[Extracted data entries]
+---+
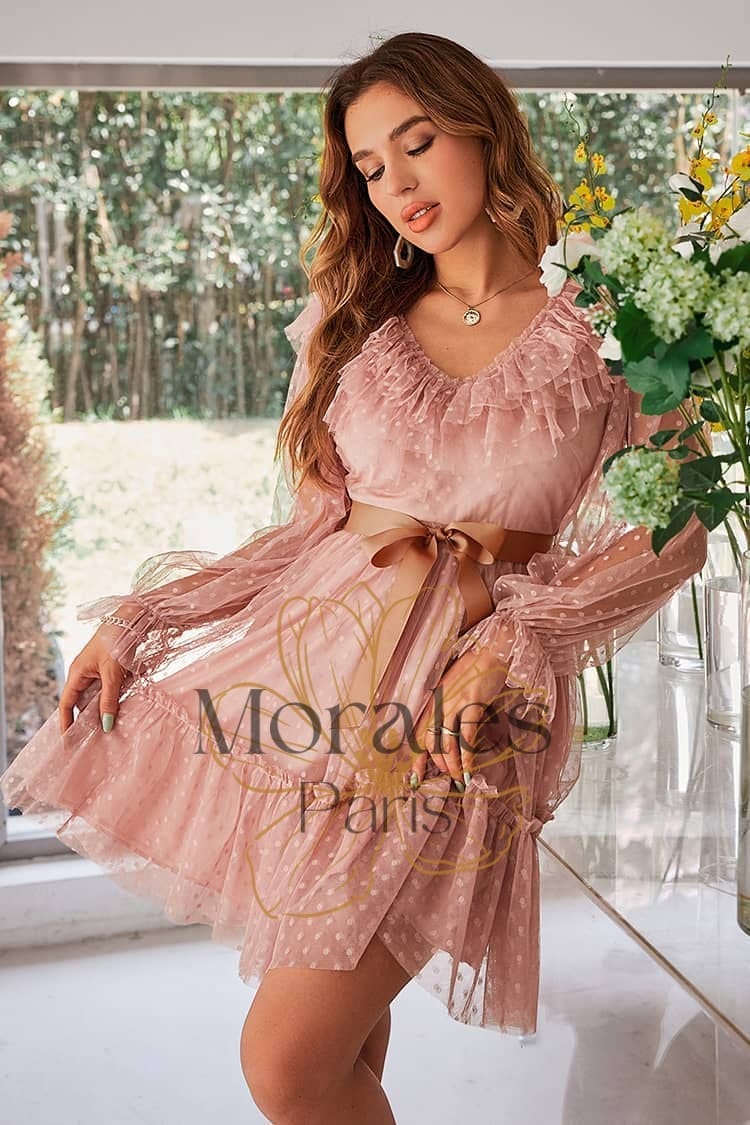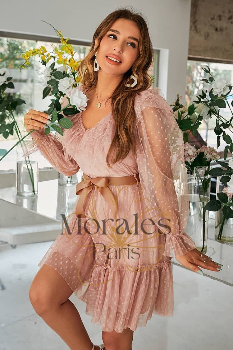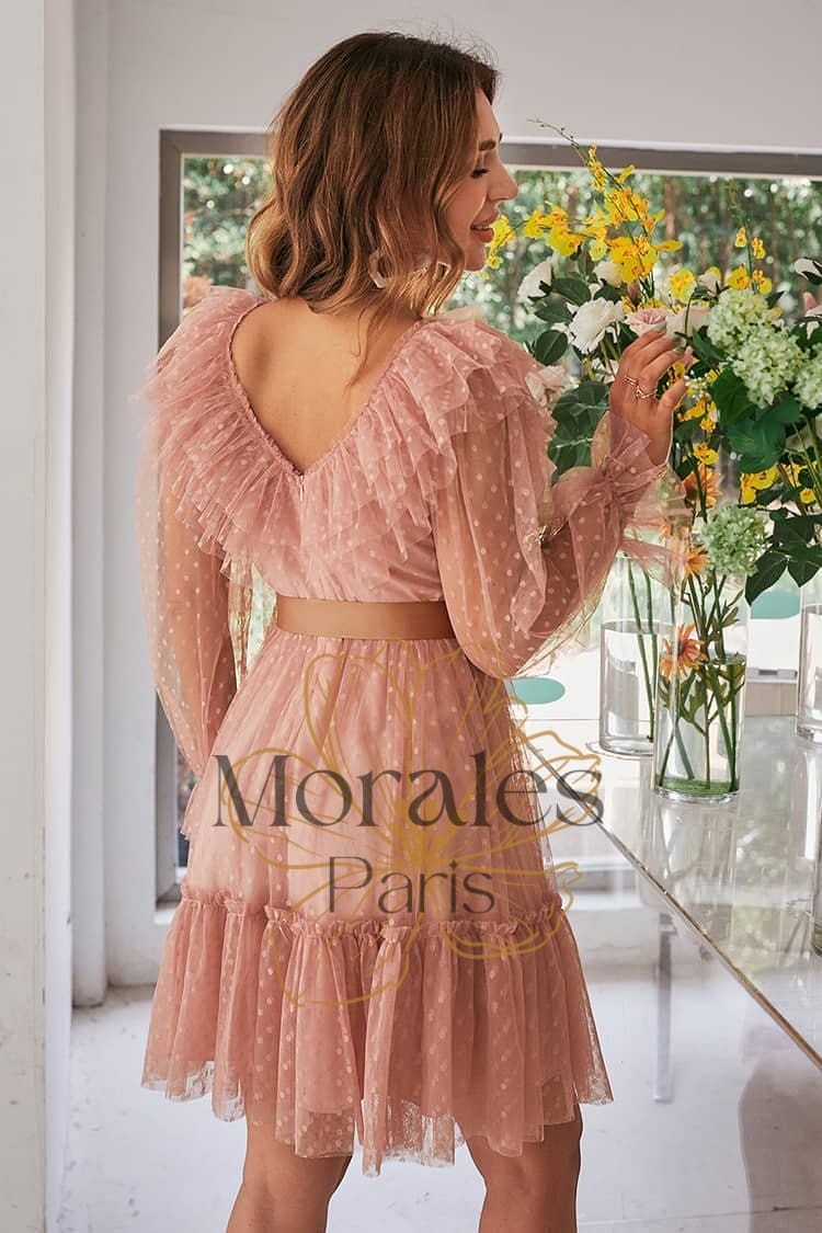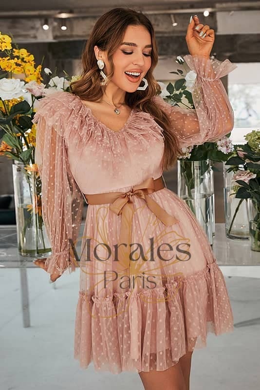 Tenue courte avec encolure en V volantée Manches longues Motifs à pois et couleur Rose Fabriquée en Polyester Robe demoiselle d’honneur rose courte champêtre Un mélange de subtilité et de féminité, cette robe te donne un look authentiquement champêtre. Pour une tenue de demoiselle d’honneur absolument parfaite, cette robe bucolique et charmante est un must […]
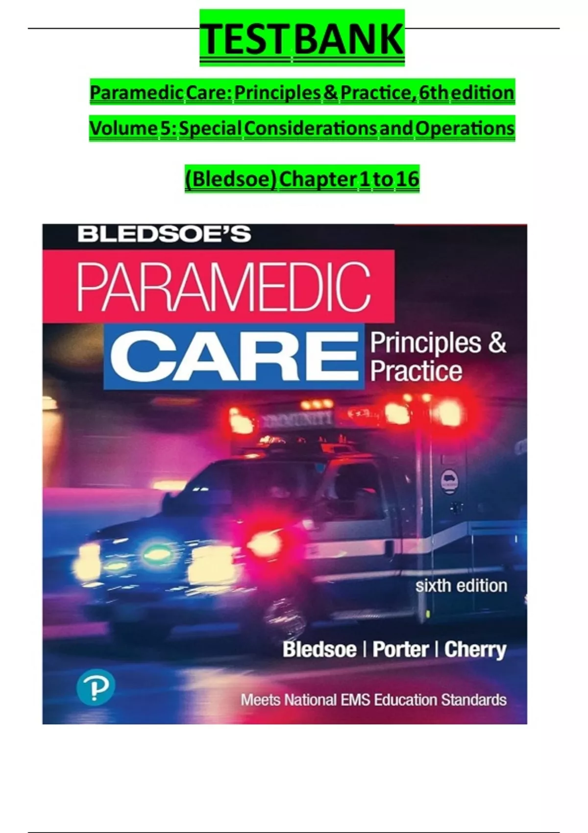 TEST BANK For PARAMEDIC CARE: Principles & Practice 5th Edition By BLEDSOE Volume 5: Special Considerations and Operation || Updated Version 2024 A+ A strong, evidence-based foundation in the principles and practices of modern EMS Paramedic Care: Principles & Practice, Fifth Edition, offers EMS students and professionals a foundational guide and reference to paramedicine. Developed to stay ahead of current trends and practices, all five volumes are based on the National EMS Education Standards and the accompanying Paramedic Instructional Guidelines. Volume 5, Special Considerations/Operations, provides paramedic students with information they need about special populations and paramedic operations. The first eight chapters discuss medical emergencies involving special patient populations: gynecology, obstetrics, neonatology, pediatrics, geriatrics, abused/neglected/assaulted patients, patients with special challenges, and patients who require chronic care. The next eight chapters examine special circumstances that the paramedic may face at any time, including multiple-casualty incidents, rescue operations, hazardous materials, crime scenes, rural practice, and terrorist incidents. Also available with MyBRADYLab™ This title is also available with MyBRADYLab―an online homework, tutorial, and assessment program designed to work with this text to engage students and improve results. Within its structured environment, students practice what they learn, test their understanding, and pursue a personalized study plan that helps them better absorb course material and understand difficult concepts. Note: You are purchasing a standalone product; MyBRADYLab does not come packaged with this content. Students, if interested in purchasing this title with MyBRADYLab, ask your instructor for the correct package ISBN and Course ID. Instructors, contact your Pearson representative for more information.
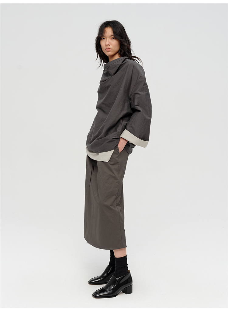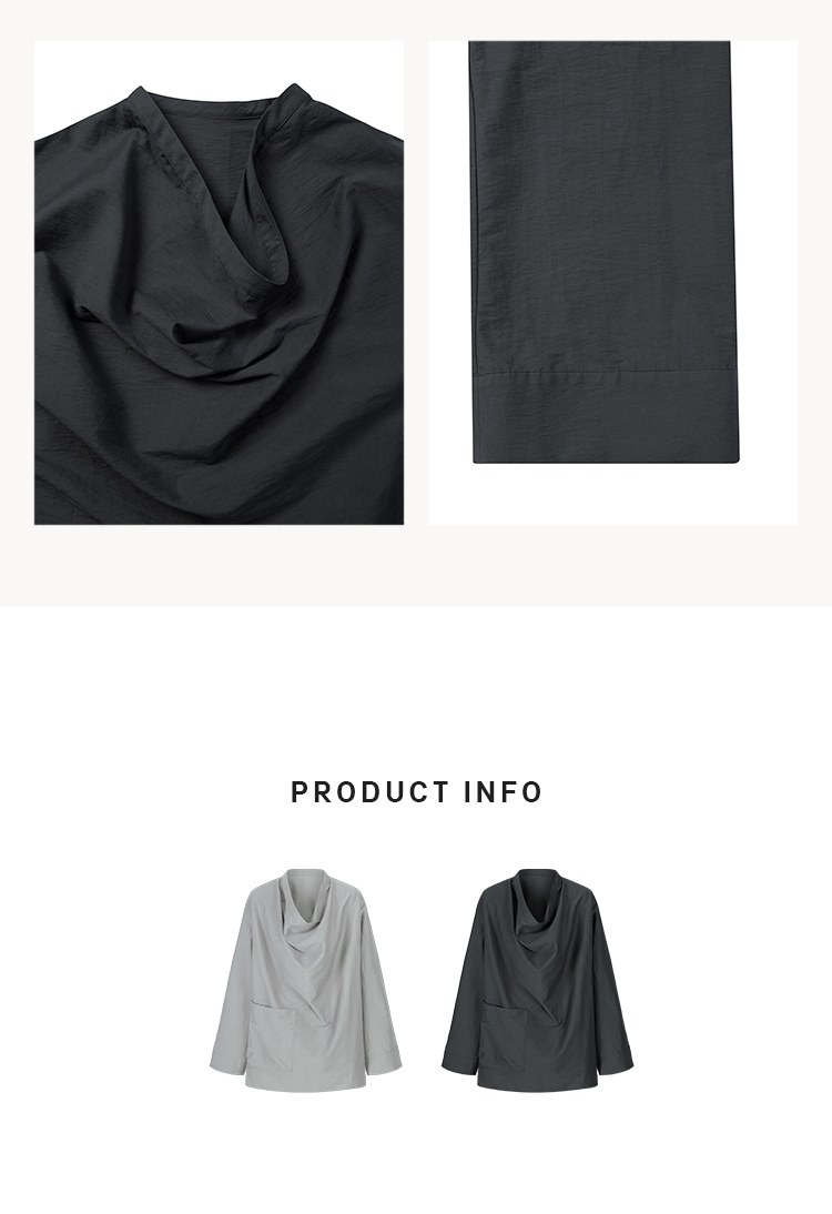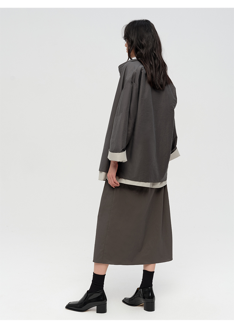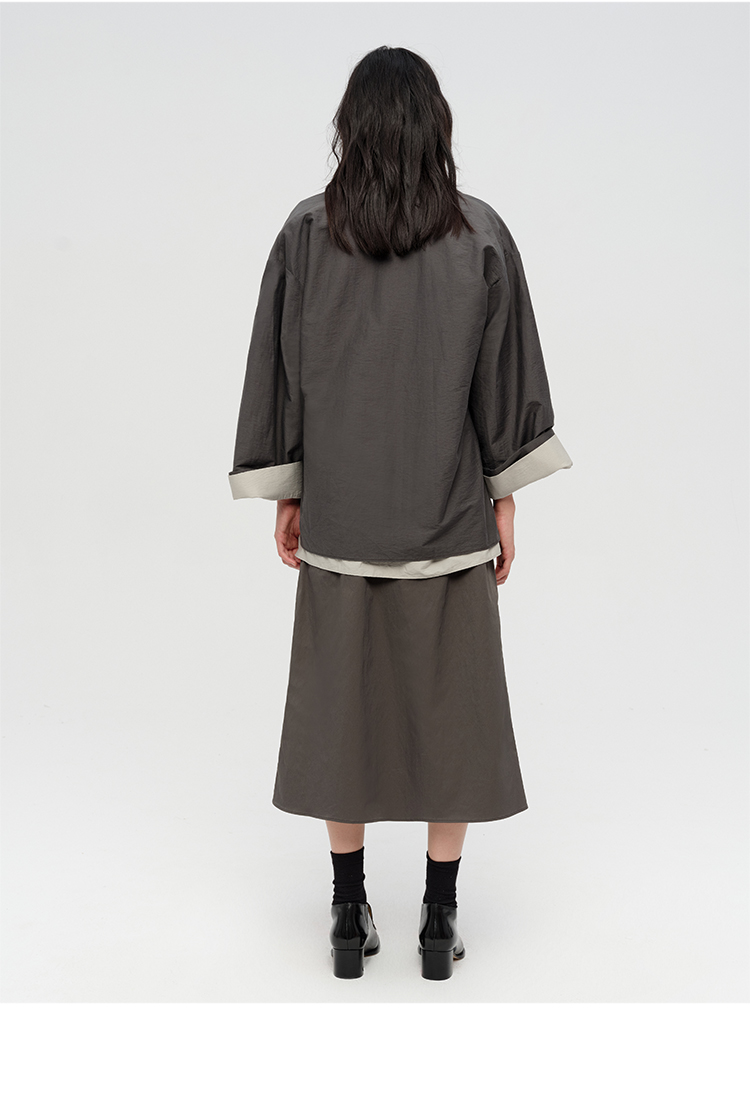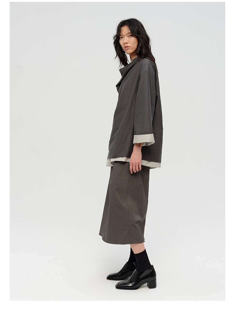 HIDEMI 极简做旧水洗棉堆堆领口袋廓形感衬衫 雾霾灰蓝/炭灰色
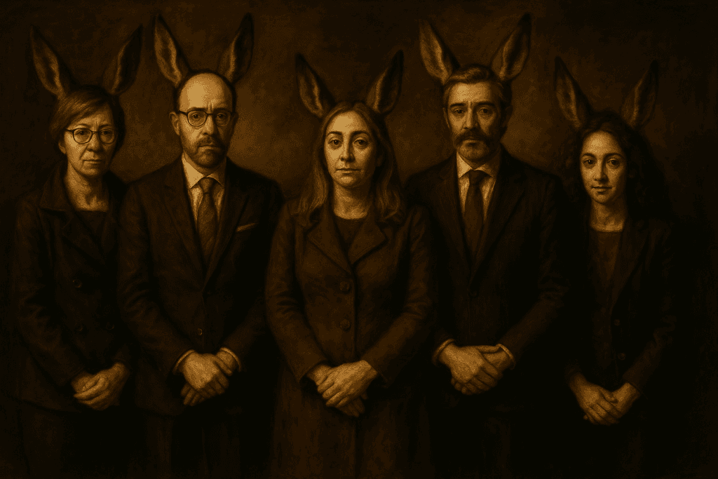 Até aqui, tudo bem. Eu ronronava de orgulho enquanto o via rever vírgulas com um olhar de inquisidor matemático. Mas eis senão quando… no momento de ilustrar visualmente a dita burrice estatística e institucional, o Pedro — pasmem-se! — acanhou-se. Auto-censurou-se. Cortou uma das ilustrações preparadas. Uma que, à minha felina sensibilidade, era de uma justeza simbólica irresistível: mostrava, de forma expressiva, os cinco membros do Conselho Regulador da ERC com umas encantadoras, e cientificamente apropriadas, aurículas asininas.
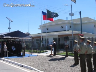 En el frontis de las nuevas instalaciones se realizó el acto de inauguración del nuevo reten de Quella, localidad rural de la comuna de Cauquenes ubicada a unos 25 km de la capital provincial y donde desde 1937 ha existido un centro policial y ahora le tocó el turno de su remodelación.
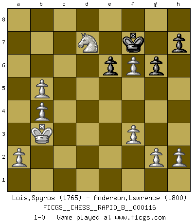 Last move : 1-0 2009 April 29 6:54:26 [Event "FICGS__CHESS__RAPID_B__000116"] [Site "FICGS"] [Date "2009.02.23"] [Round "1"] [White "Lois,Spyros"] [Black "Anderson,Lawrence"] [Result "1-0"] [WhiteElo "1765"] [BlackElo "1800"] 1.e4 c5 2.Nf3 d6 3.d4 cxd4 4.Nxd4 Nf6 5.Nc3 g6 6.f3 Bg7 7.Be3 O-O 8.Bc4 Nc6 9.Qd2 Bd7 10.O-O-O e6 11.Nxc6 Bxc6 12.Qxd6 Qxd6 13.Rxd6 Rad8 14.Rxd8 Rxd8 15.Bxa7 Be8 16.Rd1 Rxd1+ 17.Kxd1 Bc6 18.Bb5 Bxb5 19.Nxb5 Nd7 20.Bd4 Bxd4 21.Nxd4 Nc5 22.Nb5 Kf8 23.b4 Na4 24.Kd2 Nb2 25.Nd6 b6 26.c4 Na4 27.e5 Ke7 28.Kc2 f6 29.Nc8+ Kd8 30.exf6 Ke8 31.Kb3 b5 32.cxb5 Nb6 33.Nxb6 Kf7 34.Nd7 1-0 Sicilian : Dragon variation Kingside Castling by player Black (move 7) Queenside Castling by player White (move 10) Player White won this chess game. Follow this game move after move (download)He who takes the Queen's Knight's Pawn will sleep in the streets. (Anonymous) Herr Iljumschinow ist ein etwas merkwürdiger Geschäftsmann: Er arbeitet zusammen mit Leuten wie Muammar al-Gaddafi; früher ist das Saddam Hussein gewesen. (Joel Lautier) Vive, pierde y aprende al observar a tu oponente como gana. (Amber Steenbock) Un footballeur joue avec ses pieds, parfois avec sa tête. Un joueur d'échecs ne joue qu'avec sa tête. Et quand il ne joue plus, il meurt. (Jacob Murray) Over-the-board chess is the favorite of mortals, correspondence chess is the favorite of the gods. (Eduard Dyckhoff)
+---+
What you return must be the entries above, exactly as they appear, without any pictures.

 Tenue courte avec encolure en V volantée Manches longues Motifs à pois et couleur Rose Fabriquée en Polyester Robe demoiselle d’honneur rose courte champêtre Un mélange de subtilité et de féminité, cette robe te donne un look authentiquement champêtre. Pour une tenue de demoiselle d’honneur absolument parfaite, cette robe bucolique et charmante est un must […]
 TEST BANK For PARAMEDIC CARE: Principles & Practice 5th Edition By BLEDSOE Volume 5: Special Considerations and Operation || Updated Version 2024 A+ A strong, evidence-based foundation in the principles and practices of modern EMS Paramedic Care: Principles & Practice, Fifth Edition, offers EMS students and professionals a foundational guide and reference to paramedicine. Developed to stay ahead of current trends and practices, all five volumes are based on the National EMS Education Standards and the accompanying Paramedic Instructional Guidelines. Volume 5, Special Considerations/Operations, provides paramedic students with information they need about special populations and paramedic operations. The first eight chapters discuss medical emergencies involving special patient populations: gynecology, obstetrics, neonatology, pediatrics, geriatrics, abused/neglected/assaulted patients, patients with special challenges, and patients who require chronic care. The next eight chapters examine special circumstances that the paramedic may face at any time, including multiple-casualty incidents, rescue operations, hazardous materials, crime scenes, rural practice, and terrorist incidents. Also available with MyBRADYLab™ This title is also available with MyBRADYLab―an online homework, tutorial, and assessment program designed to work with this text to engage students and improve results. Within its structured environment, students practice what they learn, test their understanding, and pursue a personalized study plan that helps them better absorb course material and understand difficult concepts. Note: You are purchasing a standalone product; MyBRADYLab does not come packaged with this content. Students, if interested in purchasing this title with MyBRADYLab, ask your instructor for the correct package ISBN and Course ID. Instructors, contact your Pearson representative for more information.
 HIDEMI 极简做旧水洗棉堆堆领口袋廓形感衬衫 雾霾灰蓝/炭灰色
 Até aqui, tudo bem. Eu ronronava de orgulho enquanto o via rever vírgulas com um olhar de inquisidor matemático. Mas eis senão quando… no momento de ilustrar visualmente a dita burrice estatística e institucional, o Pedro — pasmem-se! — acanhou-se. Auto-censurou-se. Cortou uma das ilustrações preparadas. Uma que, à minha felina sensibilidade, era de uma justeza simbólica irresistível: mostrava, de forma expressiva, os cinco membros do Conselho Regulador da ERC com umas encantadoras, e cientificamente apropriadas, aurículas asininas.
 En el frontis de las nuevas instalaciones se realizó el acto de inauguración del nuevo reten de Quella, localidad rural de la comuna de Cauquenes ubicada a unos 25 km de la capital provincial y donde desde 1937 ha existido un centro policial y ahora le tocó el turno de su remodelación.
 Last move : 1-0 2009 April 29 6:54:26 [Event "FICGS__CHESS__RAPID_B__000116"] [Site "FICGS"] [Date "2009.02.23"] [Round "1"] [White "Lois,Spyros"] [Black "Anderson,Lawrence"] [Result "1-0"] [WhiteElo "1765"] [BlackElo "1800"] 1.e4 c5 2.Nf3 d6 3.d4 cxd4 4.Nxd4 Nf6 5.Nc3 g6 6.f3 Bg7 7.Be3 O-O 8.Bc4 Nc6 9.Qd2 Bd7 10.O-O-O e6 11.Nxc6 Bxc6 12.Qxd6 Qxd6 13.Rxd6 Rad8 14.Rxd8 Rxd8 15.Bxa7 Be8 16.Rd1 Rxd1+ 17.Kxd1 Bc6 18.Bb5 Bxb5 19.Nxb5 Nd7 20.Bd4 Bxd4 21.Nxd4 Nc5 22.Nb5 Kf8 23.b4 Na4 24.Kd2 Nb2 25.Nd6 b6 26.c4 Na4 27.e5 Ke7 28.Kc2 f6 29.Nc8+ Kd8 30.exf6 Ke8 31.Kb3 b5 32.cxb5 Nb6 33.Nxb6 Kf7 34.Nd7 1-0 Sicilian : Dragon variation Kingside Castling by player Black (move 7) Queenside Castling by player White (move 10) Player White won this chess game. Follow this game move after move (download)He who takes the Queen's Knight's Pawn will sleep in the streets. (Anonymous) Herr Iljumschinow ist ein etwas merkwürdiger Geschäftsmann: Er arbeitet zusammen mit Leuten wie Muammar al-Gaddafi; früher ist das Saddam Hussein gewesen. (Joel Lautier) Vive, pierde y aprende al observar a tu oponente como gana. (Amber Steenbock) Un footballeur joue avec ses pieds, parfois avec sa tête. Un joueur d'échecs ne joue qu'avec sa tête. Et quand il ne joue plus, il meurt. (Jacob Murray) Over-the-board chess is the favorite of mortals, correspondence chess is the favorite of the gods. (Eduard Dyckhoff)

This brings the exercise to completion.